*Your instructions*. Go through the records below from the first line and print each one exactly, stopping after the line that contains "Newmarket; County of". Do not print pictures or anything past that line.
★ ★ ★
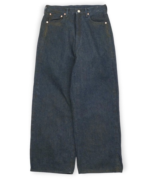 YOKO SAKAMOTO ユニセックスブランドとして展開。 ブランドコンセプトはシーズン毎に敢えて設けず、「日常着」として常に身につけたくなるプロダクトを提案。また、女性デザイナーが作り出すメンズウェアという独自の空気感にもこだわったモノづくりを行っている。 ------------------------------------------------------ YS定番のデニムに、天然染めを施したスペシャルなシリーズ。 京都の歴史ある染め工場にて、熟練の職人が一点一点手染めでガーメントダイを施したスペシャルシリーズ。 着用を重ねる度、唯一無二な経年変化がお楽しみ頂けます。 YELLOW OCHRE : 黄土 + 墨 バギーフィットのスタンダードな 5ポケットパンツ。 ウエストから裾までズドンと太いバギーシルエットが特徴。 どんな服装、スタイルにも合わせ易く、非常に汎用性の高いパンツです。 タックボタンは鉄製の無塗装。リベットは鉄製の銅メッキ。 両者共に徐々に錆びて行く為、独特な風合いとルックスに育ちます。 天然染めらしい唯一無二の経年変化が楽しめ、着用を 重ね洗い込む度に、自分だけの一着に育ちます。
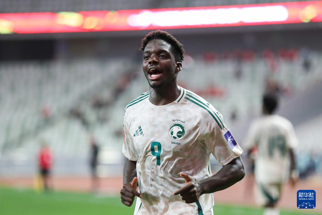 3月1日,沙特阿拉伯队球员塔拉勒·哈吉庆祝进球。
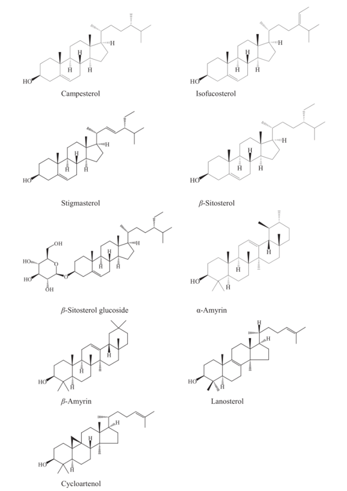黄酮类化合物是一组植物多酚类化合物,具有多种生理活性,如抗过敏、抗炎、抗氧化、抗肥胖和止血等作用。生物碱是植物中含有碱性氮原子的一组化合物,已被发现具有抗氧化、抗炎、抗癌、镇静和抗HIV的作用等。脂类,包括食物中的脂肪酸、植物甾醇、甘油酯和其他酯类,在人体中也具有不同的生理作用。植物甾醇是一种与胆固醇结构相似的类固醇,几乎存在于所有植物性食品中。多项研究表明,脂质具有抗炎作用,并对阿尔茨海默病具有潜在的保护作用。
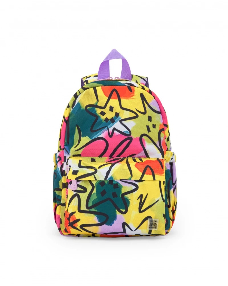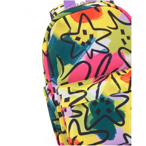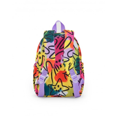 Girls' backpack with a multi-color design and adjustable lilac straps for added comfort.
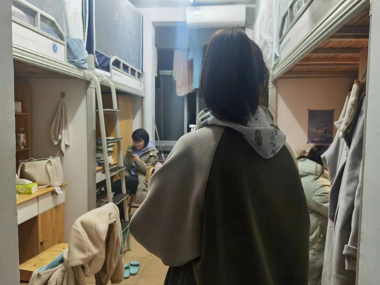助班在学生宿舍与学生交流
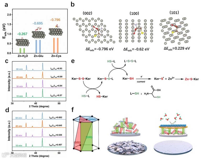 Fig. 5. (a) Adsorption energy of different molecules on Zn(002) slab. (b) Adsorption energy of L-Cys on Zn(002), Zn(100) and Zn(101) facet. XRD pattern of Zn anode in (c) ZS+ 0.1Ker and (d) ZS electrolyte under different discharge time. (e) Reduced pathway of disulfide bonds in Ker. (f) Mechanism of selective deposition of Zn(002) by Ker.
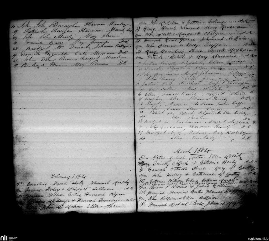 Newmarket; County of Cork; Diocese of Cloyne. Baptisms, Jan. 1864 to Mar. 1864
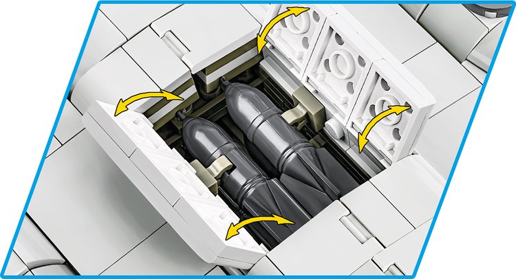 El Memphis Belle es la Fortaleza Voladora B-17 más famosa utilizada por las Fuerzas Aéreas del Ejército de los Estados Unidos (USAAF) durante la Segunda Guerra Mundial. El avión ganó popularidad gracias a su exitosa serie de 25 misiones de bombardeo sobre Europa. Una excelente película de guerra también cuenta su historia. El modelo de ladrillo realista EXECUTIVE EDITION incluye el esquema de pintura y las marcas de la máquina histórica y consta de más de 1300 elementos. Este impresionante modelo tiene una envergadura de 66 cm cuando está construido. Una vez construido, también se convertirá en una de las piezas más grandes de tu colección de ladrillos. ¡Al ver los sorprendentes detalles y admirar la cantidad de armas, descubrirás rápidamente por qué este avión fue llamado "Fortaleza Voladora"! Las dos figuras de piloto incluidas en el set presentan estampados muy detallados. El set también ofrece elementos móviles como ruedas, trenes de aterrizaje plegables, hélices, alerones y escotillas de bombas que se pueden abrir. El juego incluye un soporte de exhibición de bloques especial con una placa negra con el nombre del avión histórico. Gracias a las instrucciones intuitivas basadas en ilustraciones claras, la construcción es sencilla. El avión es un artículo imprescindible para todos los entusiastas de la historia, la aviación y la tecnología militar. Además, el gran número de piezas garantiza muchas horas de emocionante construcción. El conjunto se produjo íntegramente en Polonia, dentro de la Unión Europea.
★ ★ ★
*Task response*.
 YOKO SAKAMOTO ユニセックスブランドとして展開。 ブランドコンセプトはシーズン毎に敢えて設けず、「日常着」として常に身につけたくなるプロダクトを提案。また、女性デザイナーが作り出すメンズウェアという独自の空気感にもこだわったモノづくりを行っている。 ------------------------------------------------------ YS定番のデニムに、天然染めを施したスペシャルなシリーズ。 京都の歴史ある染め工場にて、熟練の職人が一点一点手染めでガーメントダイを施したスペシャルシリーズ。 着用を重ねる度、唯一無二な経年変化がお楽しみ頂けます。 YELLOW OCHRE : 黄土 + 墨 バギーフィットのスタンダードな 5ポケットパンツ。 ウエストから裾までズドンと太いバギーシルエットが特徴。 どんな服装、スタイルにも合わせ易く、非常に汎用性の高いパンツです。 タックボタンは鉄製の無塗装。リベットは鉄製の銅メッキ。 両者共に徐々に錆びて行く為、独特な風合いとルックスに育ちます。 天然染めらしい唯一無二の経年変化が楽しめ、着用を 重ね洗い込む度に、自分だけの一着に育ちます。
 3月1日,沙特阿拉伯队球员塔拉勒·哈吉庆祝进球。
黄酮类化合物是一组植物多酚类化合物,具有多种生理活性,如抗过敏、抗炎、抗氧化、抗肥胖和止血等作用。生物碱是植物中含有碱性氮原子的一组化合物,已被发现具有抗氧化、抗炎、抗癌、镇静和抗HIV的作用等。脂类,包括食物中的脂肪酸、植物甾醇、甘油酯和其他酯类,在人体中也具有不同的生理作用。植物甾醇是一种与胆固醇结构相似的类固醇,几乎存在于所有植物性食品中。多项研究表明,脂质具有抗炎作用,并对阿尔茨海默病具有潜在的保护作用。
 Girls' backpack with a multi-color design and adjustable lilac straps for added comfort.
助班在学生宿舍与学生交流
 Fig. 5. (a) Adsorption energy of different molecules on Zn(002) slab. (b) Adsorption energy of L-Cys on Zn(002), Zn(100) and Zn(101) facet. XRD pattern of Zn anode in (c) ZS+ 0.1Ker and (d) ZS electrolyte under different discharge time. (e) Reduced pathway of disulfide bonds in Ker. (f) Mechanism of selective deposition of Zn(002) by Ker.
 Newmarket; County of Cork; Diocese of Cloyne. Baptisms, Jan. 1864 to Mar. 1864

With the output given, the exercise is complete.